Alya on GPU: Breakthroughs in Time-to-Solution and Energy-to-Solution

  • Ould Rouis, Yacine (Barcelona Supercomputing Center)
  • Houzeaux, Guillaume (Barcelona Supercomputing Center)
  • Spiga, Filippo (NVIDIA)
  • Owen, Herbert (Barcelona Supercomputing Center)

Please login to view abstract download link

ALYA is a European flagship simulation code for high-performance computational mechanics developed and maintained by BSC. The code addresses coupled multi-physics problems including incompressible/compressible flow, solid mechanics, chemistry, particle transport, heat transfer, turbulence modeling, and electrical propagation.
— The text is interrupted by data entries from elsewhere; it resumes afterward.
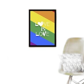 Quadro love is love 24x18cm Moldura: madeira preta Informações do produto tire todas as suas dúvidas no descritivo abaixo: decoração para quarto, sala, cozinha, escritório, área gourmet e muito mais. Chega de paredes vazias medidas - cada peça tem 24x18cm a5 . Material do papel - papel fotográfico brilhante de altíssima resolução acabamento - todos os quadros são acompanhados de uma película de acetato para proteção da imagem. - moldura em madeira maciça na cor branca e pendurador móvel que pode ser retirado facilmente caso deseje fixar com fita dupla face. - os quadros são embalados de forma segura com plástico bolha com camada dupla de acordo com o tamanho dos quadros. Garantia - garantia de 3 meses prazo de envio pedimos 24 horas úteis no máximo para enviar seu pedido após o envio, segue os prazos normais dos correios, cerca de 7 dias úteis exceto para norte e nordeste, que pode ser de até 14 dias úteis. Em diversas cidades, este prazo normalmente é reduzido, mas depende do prazo dos correios. Meu quadro chegou. Como posso fixá-lo Você precisa apenas de um martelo e um prego, pois os quadros já vão acompanhados de penduradores. Esta é a forma mais indicada. Caso prefira, você pode utilizar uma fita dupla face neste caso, sugerimos de alta qualidade para evitar que descole e seu quadro caia . Como posso limpar meu quadro A limpeza é feita como um móvel comum da sua casa. Apenas um pano seco ou espanador são suficientes para tal
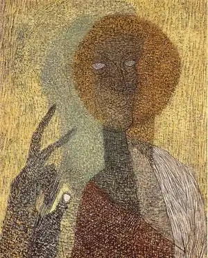 Лайош Вайда (6 августа] 1908 в Залаэгерсег, Австро-Венгрия — 7 сентября, 1941 в Budakeszi) — венгерский живописец и график. С 1927 по 1930 год он был студентом Иштван Чок в Венгерской Академии Изобразительных Искусств. С 1930 по 1934 год он останавливался в Париже и познакомился не только с последними тенденциями французской живописи, но и с выдающимися произведениями русского реализма. Это привело его к драматическим фотомонтажам о великих катастрофах человечества, войне, голоде, вооруженном насилии и страданиях. С 1934 года собирал народные художественные мотивы в Сентендре и Сигетмоносторе. Его стиль сочетал в себе народное искусство и православно-христианскую, римско-католическую и еврейскую символику с абстрактными и сюрреалистическими элементами. Его последние абстрактные сюрреалистические рисунки предвосхищают ужасы Второй мировой войны. Он умер от туберкулеза в 1941 году. "Искусство Лайоша Вайды пылкой силой отражает важнейшие вопросы своего времени. Главной особенностью его творчества является то, что оно сигнализирует о небольших изменениях с сейсмографической чувствительностью, отражающих катаклизмические события Второй мировой войны. Огромная энергия мятежных форм этого искусства всегда находилась в состоянии войны с силами разрушения вплоть до последнего момента жизни Вайды.[2].
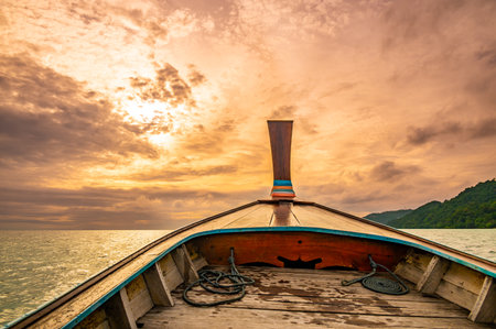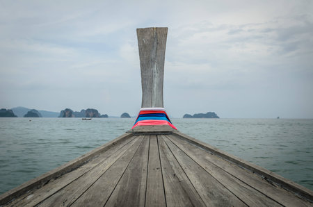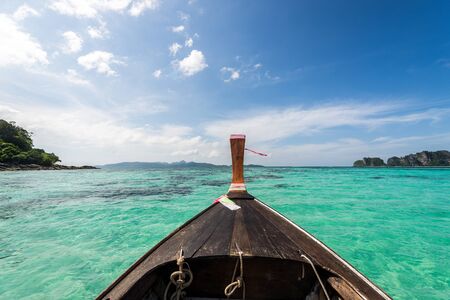 Traveling in Thailand. Amazing view from over Thai traditional wooden longtail boat travel on the sea tropical island with scenery of beautiful sea and sky.
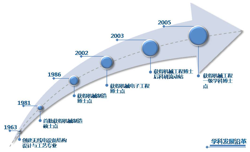 本学科创立于1963年,是我国最早的以机为主机电结合的交叉学科之一,历史悠久,底蕴深厚。1981年首批获得机械制造硕士点,1986年获得机械制造博士点,2002年获得机械电子工程博士点,2003年获得机械工程博士后科研流动站,2005年获得机械工程一级学科博士点。
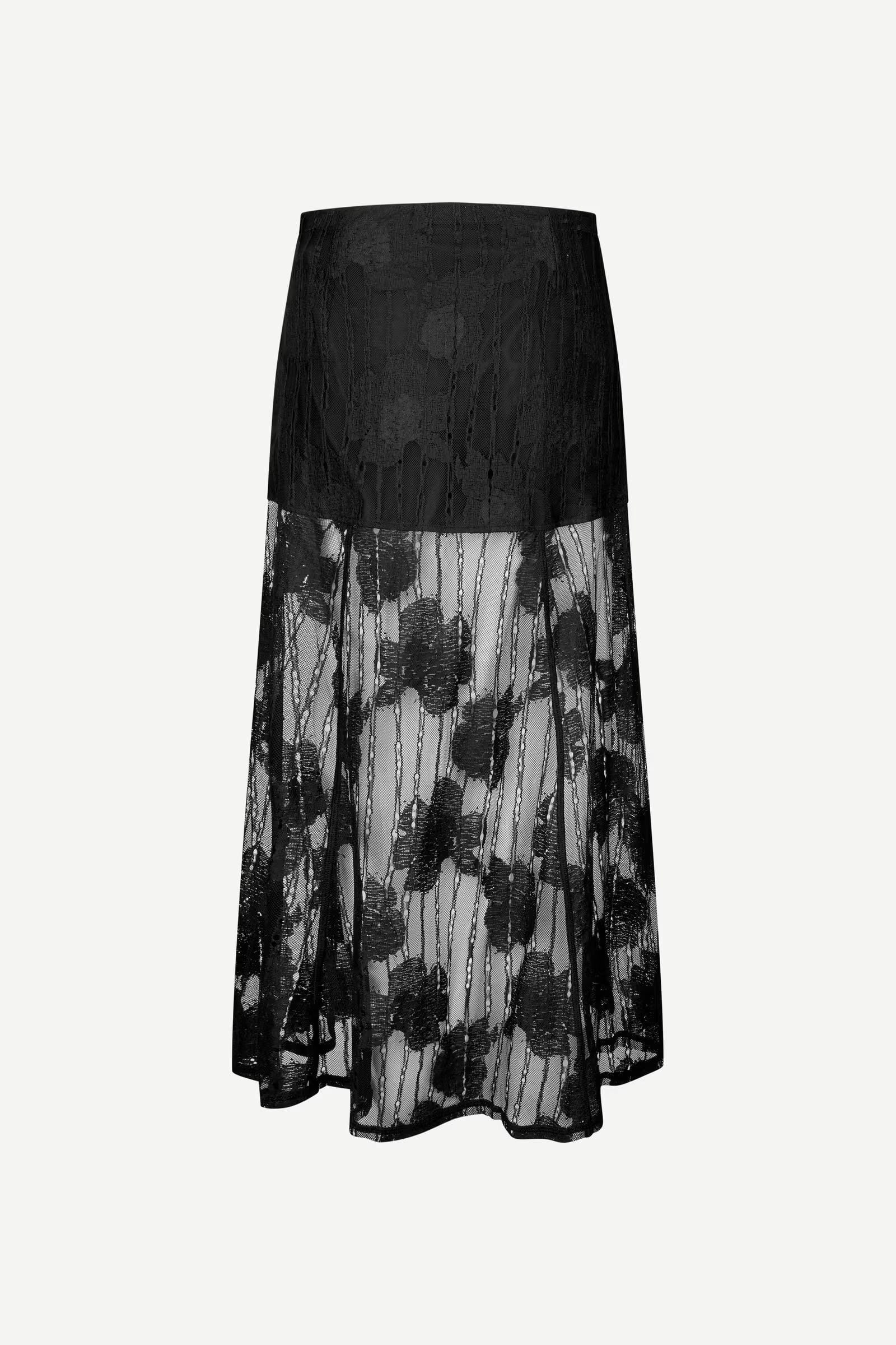 Mesh and lace maxi skirt with a regular fit. Invisible zipper closure at the side. Mid waist. Floral pattern. Partially lined. Main material made from a recycled polyamide-blend.
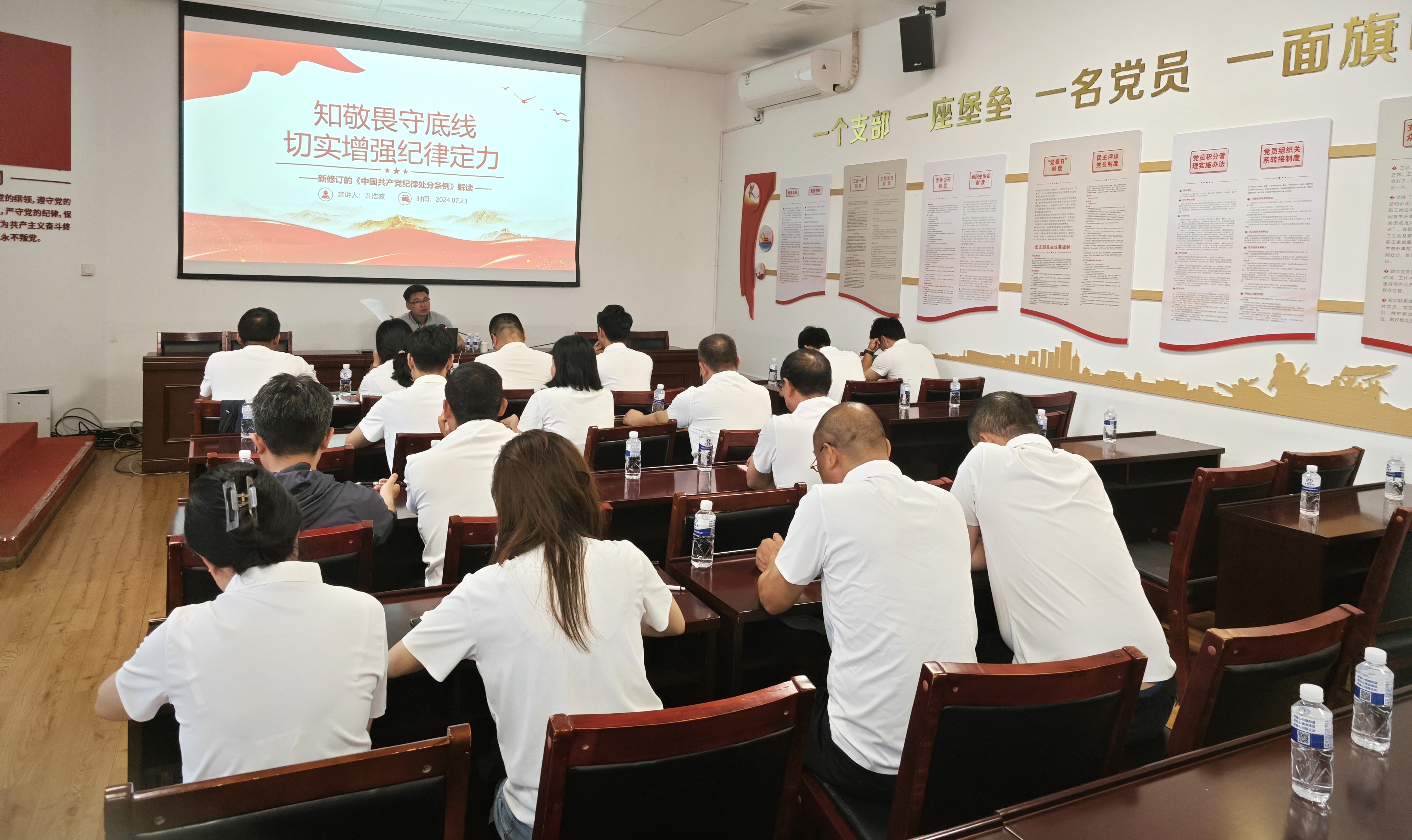 7月23日上午,公司副總經理、總經濟師許浩波以《知敬畏守底線切實增強紀律定力》為題,為資產運營管理部全體黨員干部職工共計30余人講授黨紀學習教育專題黨課。許浩波從充分認識《中國共產黨紀律處分條例》(以下簡稱《條例》)修訂的重大意義,深入領會《條例》修訂的精髓和要義,嚴格落實《條例》形成遵規守紀高度自覺三個方面,結合黨的...
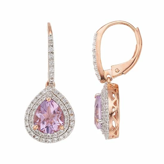 Decorated with pear-shaped Rose de France amethyst gemstones and lab-created white sapphire accents, these halo teardrop earrings are simply stunning.
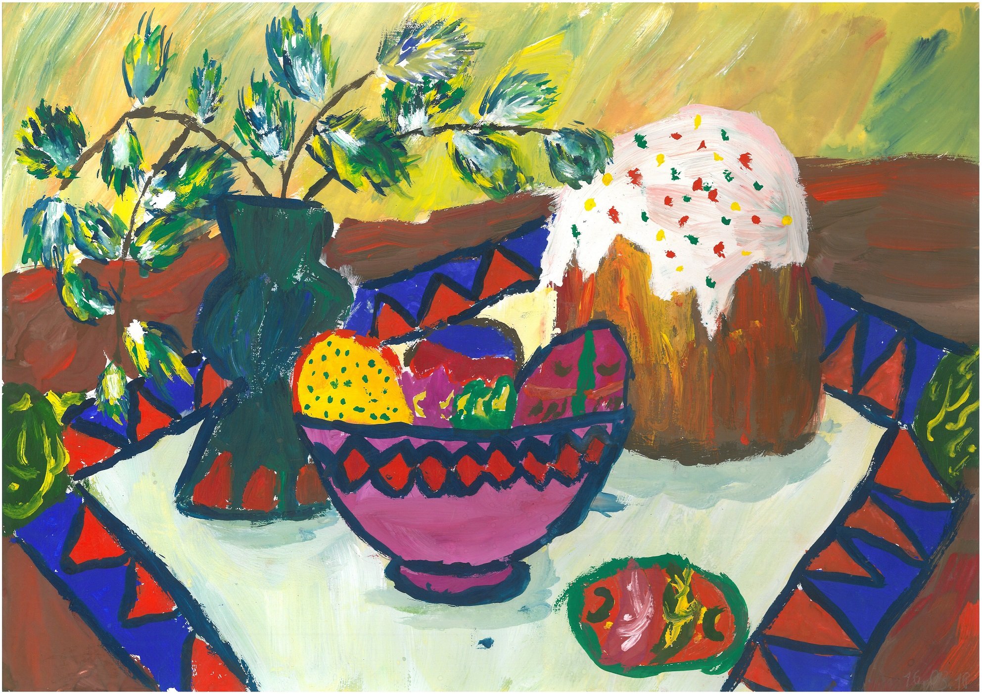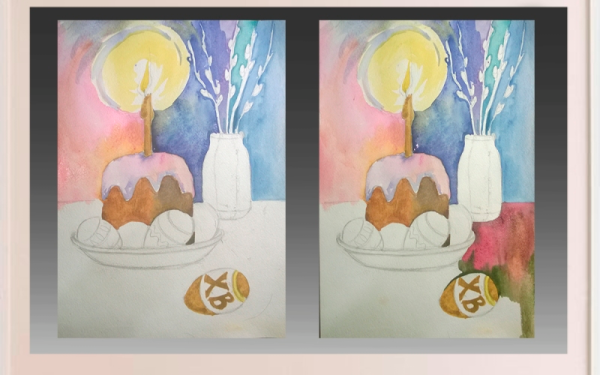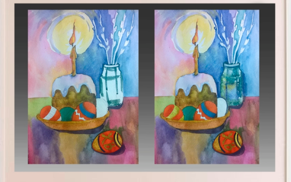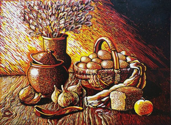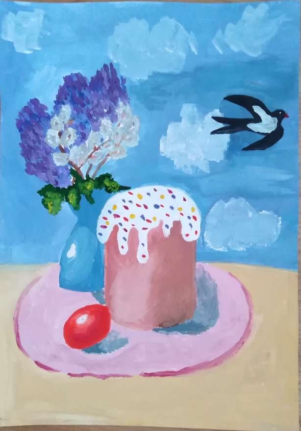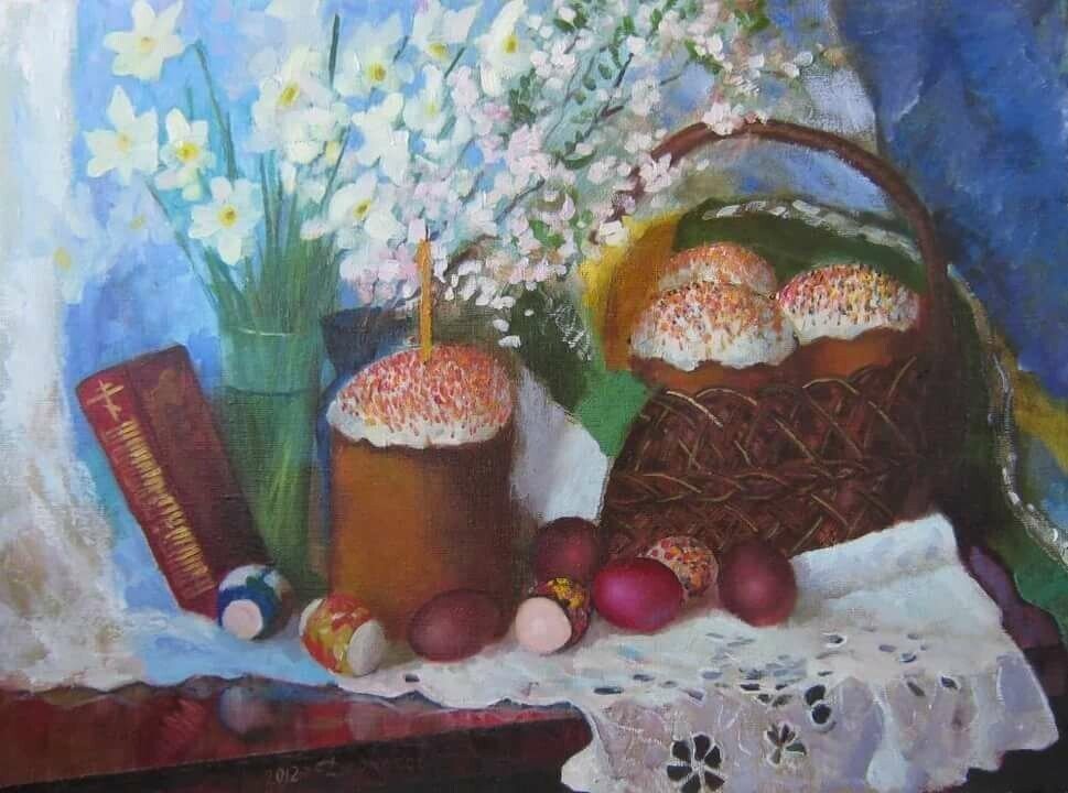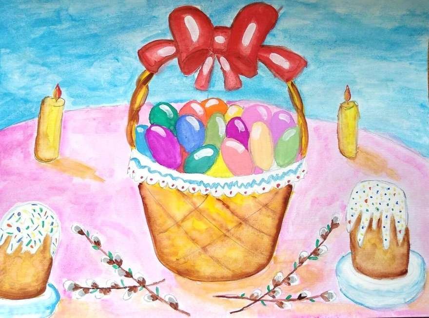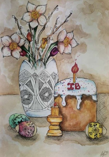 Рисунок натюрморт "Пасха" - это красивое и символичное изображение, которое отражает особенности этого важного праздника. На рисунке можно увидеть разноцветные пасхальные яйца, они являются главным символом Пасхи и символизируют новую жизнь и воскрешение. Яркие и насыщенные цвета яиц добавляют эффектной динамики и радостного настроения. Возможно, на рисунке также изображены пасхальные корзины с травой, цветами и другими пасхальными атрибутами. Весь рисунок создает атмосферу торжества и передает великолепие и волшебство праздника Пасхи.

Originally optimized for CPU architectures using cache blocking and vectorized instructions, ALYA has undergone an extensive GPU porting effort using OpenACC to leverage the massively parallel capabilities of modern accelerators while maintaining a unified codebase for both CPU and GPU execution. The GPU porting strategy centered on implementing OpenACC directives with minimal code refactoring. The porting encompassed multiple ALYA modules, with particular focus on the NASTIN module for incompressible Navier–Stokes, featuring a semi-implicit formulation, Large Eddy Simulation (LES) turbulence modeling, explicit momentum integration using a third-order Runge–Kutta scheme, and a fractional-step pressure–velocity coupling. Challenges included handling OpenACC limitations with type-bound procedures in Fortran’s object-oriented structures, managing complex data types with pointers and dynamic allocation, and addressing the inherently sequential nature of GMRES preconditioning (Krylov orthogonalization) which scales poorly on GPUs. The team successfully offloaded matrix assembly, various solver operations (CG, BiCGSTAB, GMRES), and GPU-aware MPI communications patterns. Performance evaluations on BSC’s MareNostrum5 (MN5) supercomputer demonstrated substantial improvements in both execution time and energy efficiency. For the NASTIN module using the Bolund Hill benchmark with 256M elements (43M nodes), the reference benchmark finished in 25 minutes running on 4 NVIDIA H100 GPUs consuming 2.4M Joules total energy at an average power of 1600W. The CPU baseline (8 dual-sockets 56-cores Intel Sapphire Rapids CPU) required 39 minutes and consumed 16.6M Joules at an average power of 890W per node. This yields a 7x energy-to-solution improvement and approximately 1.5x time-to-solution speedup for the full simulation. Multi-GPU scaling exhibits strong parallel efficiency, with the solver maintaining approximately 80% efficiency at 2.7M nodes per GPU. Measurements have been performed using the EAR - Energy management framework - tool developer at BSC.